Here’s how to quickly diagnose a server’s DH configuration with OpenSSL 1.0.2 command-line tools. This is, of course, just a smoke test - failing it is bad but passing it is alone not a guarantee that the configuration is secure.
$ openssl s_client -connect www.example.com:443 -cipher "EDH"
Replace the host and port with your server’s information. In the connection information, look for “Server Temp Key:”:
$ openssl s_client -connect www.example.com:443 -cipher "EDH" | grep "Server Temp Key"
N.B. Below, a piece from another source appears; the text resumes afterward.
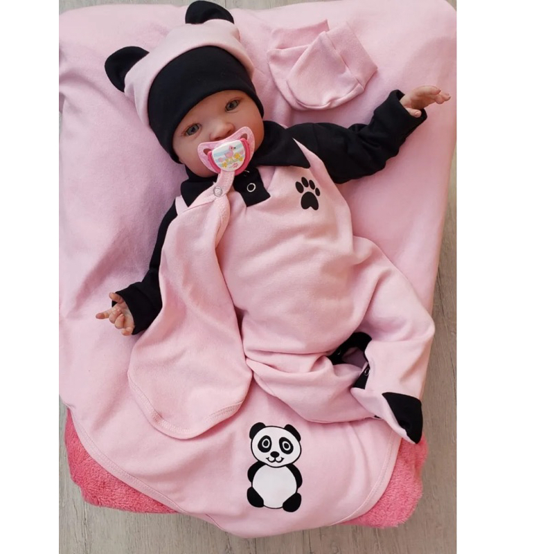 Kit saída de maternidade 5 peças Bebê Baby Panda Rosa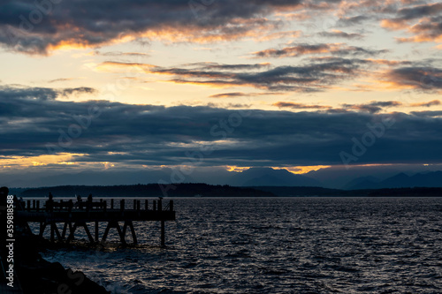 View towards the Olympic Mountains across from Alki Beach in West Seattle on a late summer day. There are dramatic clouds over the Sound.

The key should be at least 2048 bits to offer a comfortable security margin comparable to RSA-2048. Connections with keys shorter than 1024 bits may already be in trouble today. (Note: you need OpenSSL 1.0.2. Earlier versions of the client do not display this information.)
If the connection fails, then the server does not support Diffie-Hellman ciphersuites. In this case, you may want to check that it supports ECDH for forward security instead:
$ openssl s_client -connect www.example.com:443 -cipher "ECDHE"
The connection should succeed.
Finally, verify that export ciphers are disabled:
$ openssl s_client -connect www.example:com:443 -cipher "EXP"
The connection should fail.
The OpenSSL team would like to thank Karthikeyan Bhargavan and Antoine Delignat-Lavaud (Prosecco, INRIA) and Adam Langley (Google) for their helpful suggestions and insights.